Dieses Verfahren geht auf Hoare (1962) zurück. Es erreicht im Mittel die bestmögliche Zahl von Schlüsselvergleichen und Datensatzbewegungen.

Gegeben ist ein Feld A mit n Positionen, also A[0] ... A[n-1], in welches die zu sortierenden Datensätze eingetragen sind. Mittels A[i].Schluessel können wir auf den Schlüssel des i-ten Datensatzes zugreifen.
 

 

Die Idee


  1. Bringe einen Datensatz an die richtige Stelle, so dass zusätzlich links von ihm nur kleinere,
    rechts von ihm nur größere Schlüssel stehen.
  2. Sortiere dann mit der gleichen Methode
    zuerst den linken,
    dann den rechten Teilabschnitt (Rekursion).
Prinzip: Divide and Conquer (Teile und Herrsche)

Das Raffinierte


dabei ist die Art, wie man 1. erreicht:
  1. Nehme als Datensatz, der an die richtige Stelle eingefügt werden soll, den ganz links stehenden.
    Sein Schlüssel heiße s.
  2. Laufe von links über die Folge bis zur ersten Position i
    mit Schlüssel >= s.
    Laufe von rechts über die Folge bis zur ersten Position j
    mit Schlüssel <= s.
  3. Wenn i < j gilt,
    vertausche die Datensätze an den Positionen i und j und mache mit diesen Positionen in 2. weiter.
  4. Wenn dann irgendwann i >= j gilt,
    stehen links von j und an j nur Schlüssel <= s und
    rechts von j nur solche >= j.
    Vertausche also den Datensatz ganz links mit dem an Position j.

    Damit man in 2. beim Laufen von links nicht zu weit (d.h. aus der Folge heraus) läuft, muss am Anfang dafür gesorgt werden, dass s nicht der einzige größte Schlüssel ist.
    Dazu vertauscht man die Datensätze an den beiden Enden in dem Fall, dass der ganz links einen größeren Schlüssel besitzt als der ganz rechts.
 
Kein Mensch würde spontan so ein "Divide and Conquer" -Verfahren durchführen.
 
Um die Wirkungsweise zu verstehen, solltest du folgende Übung durchführen.
   Zur Übung genügt es, einen Schritt auszuführen, also ohne Rekursion.

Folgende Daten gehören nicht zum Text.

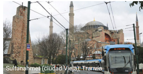
Sultanahmet (ciudad Vieja), Tranvía

Si desea llegar a algún lugar lo más rápido posible, entonces la solución es un taxi. Esta es la ruta más rápida, si no se tiene en cuenta el tráfico, que le llevará desde el punto A al punto B, independientemente de la hora del día. Las reglas para los taxis son simples. No negociamos el precio del Servicio. Cada taxi tiene un contador. No damos propina a los taxistas, pero dejamos el cambio. Por ejemplo, si el contador muestra 38 TL, le damos 40 y decimos: "no hay cambio".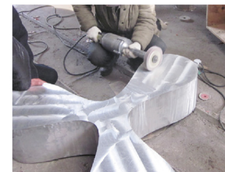
製作工程 2：アルミ鋳造／研磨の様子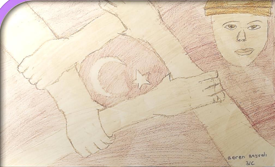
Beren Bayralı 3/C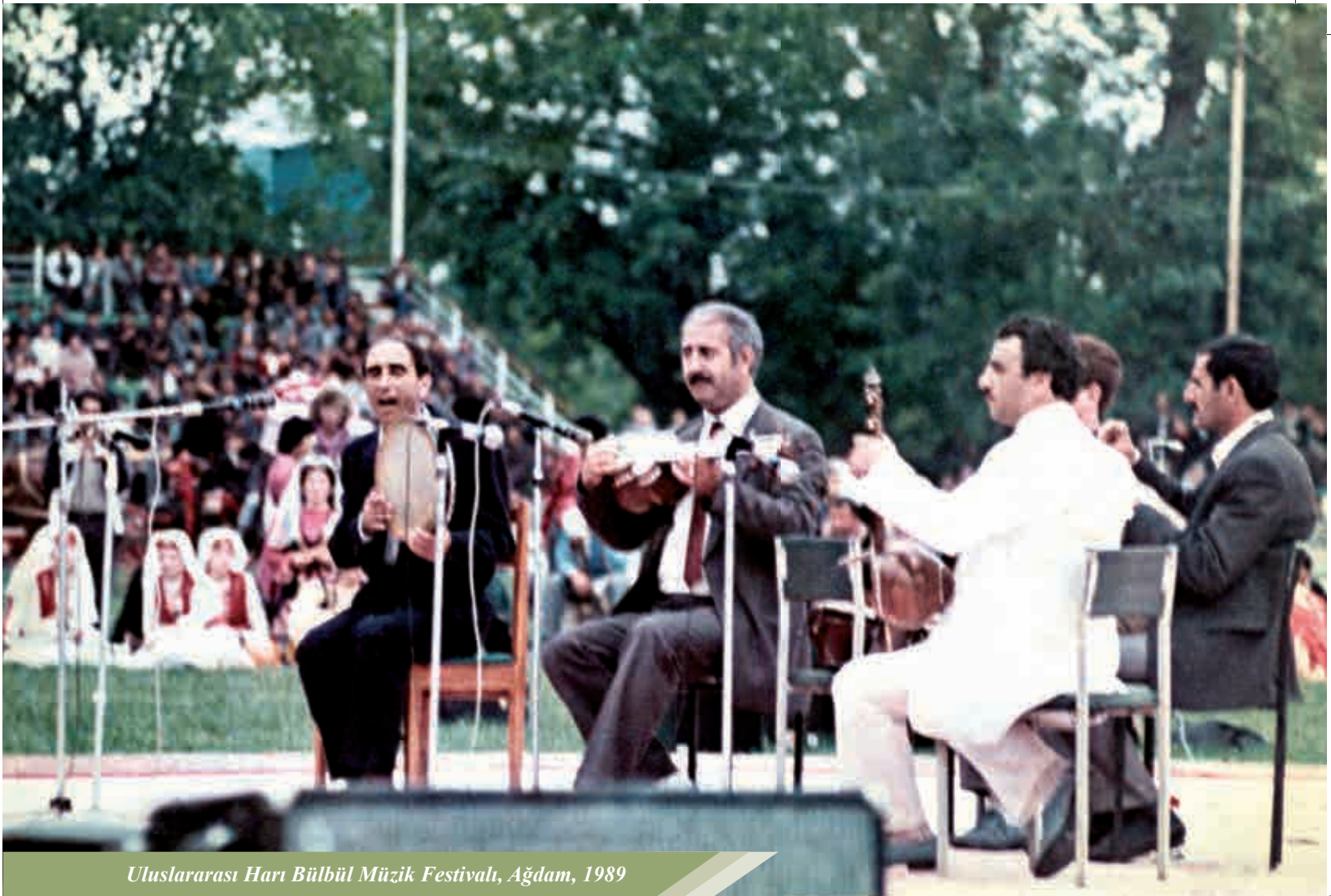
Uluslararası Harp Bülbül Müzik Festivali, Ağdam, 1989

şifresel olarak çözen bilgiler tarafından izah edilebilir. Muğam sanatçılarının hepsinde bulunan satırları gizemli yapma kabiliyeti, çocukluk yaşlarından itibaren gelişmeye başlar ki bu gizem, gazeller yazılırken kullanılır ve daha çok muğamın müzikal taleplerine yakındır. Muğam sanatçılarının hiçbirisi kaç tane gazeli ezbere bildiğini net olarak söyleyemez, ancak yeri geldiğinde onlar konusuna göre gazelleri ezbere okur.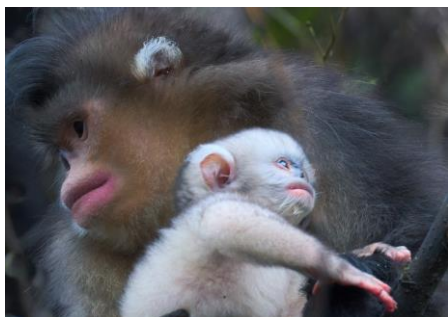
金獎 梁平 (母與子)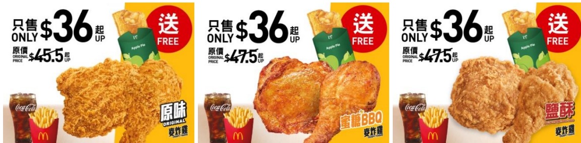
$36 麥炸雞(2件)超值套餐及免費送蘋果批 / 菠蘿吉士批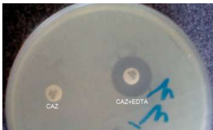
تصویر شماره ۱. روش فنوتیپی تشخیص سویه های مولد MBL با استفاده از دیسک ترکیبی

سویه (۱۵ درصد) به ایمی پنم، ۱۴ سویه (۲۳/۳ درصد) به پپیراسیلین-تازوباکتام و ۱۶ سویه (۲۶/۶ درصد) به سفنازیدیم مقاوم هستند. از مجموع ۶۰ نمونه مورد مطالعه، ۱۷ سویه (۲۸/۳ درصد) نمونه با روش دیسک دیفیوژن به سفنازیدیم غیر حساس (مقاوم و نیمه مقاوم) بودند که تمامی این ۱۷ نمونه با روش تائیدی به عنوان مولد MBL تشخیص داده شدند (تصویر شماره ۱).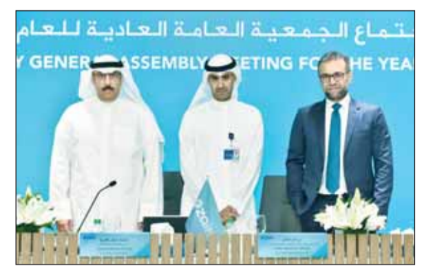
بدر الخرافي: "زين" نجحت في التوسع باستثماراتها وتعظيم حقوق المساهمين 11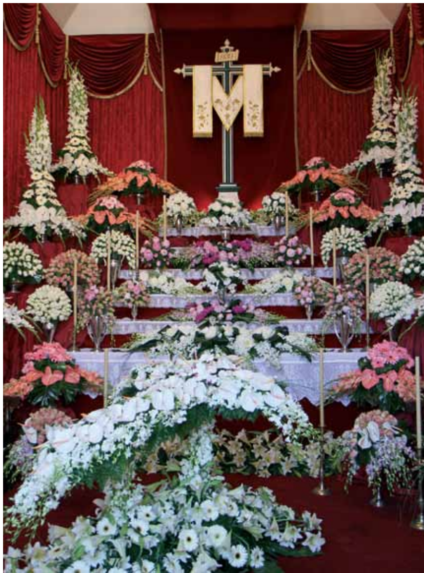
Capilla de Cruz de la Calle de El Medio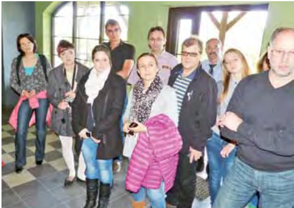
Grupa z zainteresowaniem zwiedziła Browar Bednary, wyrażając duże zdziwienie, że firma otrzymała dotację z PO Ryby, w którym nie chodzi o rozwój rybactwa, ale o działalność będącą alternatywą dla niej.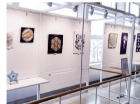
少路駅モノギャラリー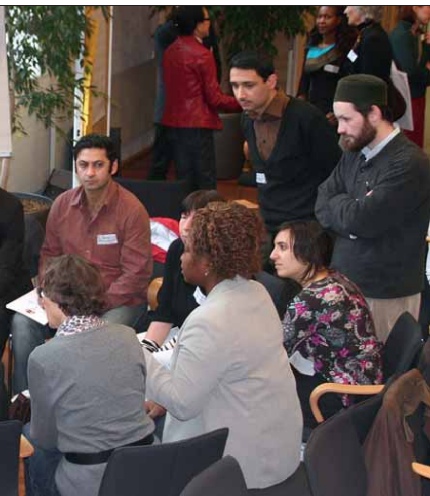
der Katholischen Akademie

Lege dazu Münzen in eine Reihe auf den Tisch.
Sortiere mit der beschriebenen "raffinierten" Methode die Münze ganz links an die richtige Position, so dass links nur Münzen kleineren Wertes, rechts nur solche größeren Wertes liegen.
Überzeuge dich, dass die Münze nun wirklich an der richtigen Position liegt.

(Du hast gerade keine  Münzen da?)

Die Idee ist in folgendem Algorithmus präzisiert.
 
Der Algorithmus
 

Der Algorithmus


wenn A[0].Schluessel > A[n-1].Schluessel dann:
    vertausche A[0] mit A[n-1]
(jetzt ist A[0].Schluessel <= A[n-1].Schluessel)
wiederhole
   suche kleinstes i mit A[i].Schluessel > A[0].Schluessel
   suche größtes j mit A[j].Schluessel < A[0].Schluessel
   wenn i < j dann:
       vertausche A[i] und A[j]
   (es ist A[0].Schluessel >= alle Schlüssel in A[1] ... A[i] und
   A[0].Schluessel <= alle Schlüssel in A[j] ... A[n-1])

solange i < j
vertausche A[j] und A[0]
(es ist A[j].Schluessel >= alle Schlüssel in A[1] ... A[j-1]
 und A[j].Schluessel <= alle Schlüssel in A[j+1] ... A[n-1])
sortiere A[0] ... A[j-1] mit dem Algorithmus (Rekursion)
sortiere A[j+1] ... A[n-1] mit dem Algorithmus (Rekursion)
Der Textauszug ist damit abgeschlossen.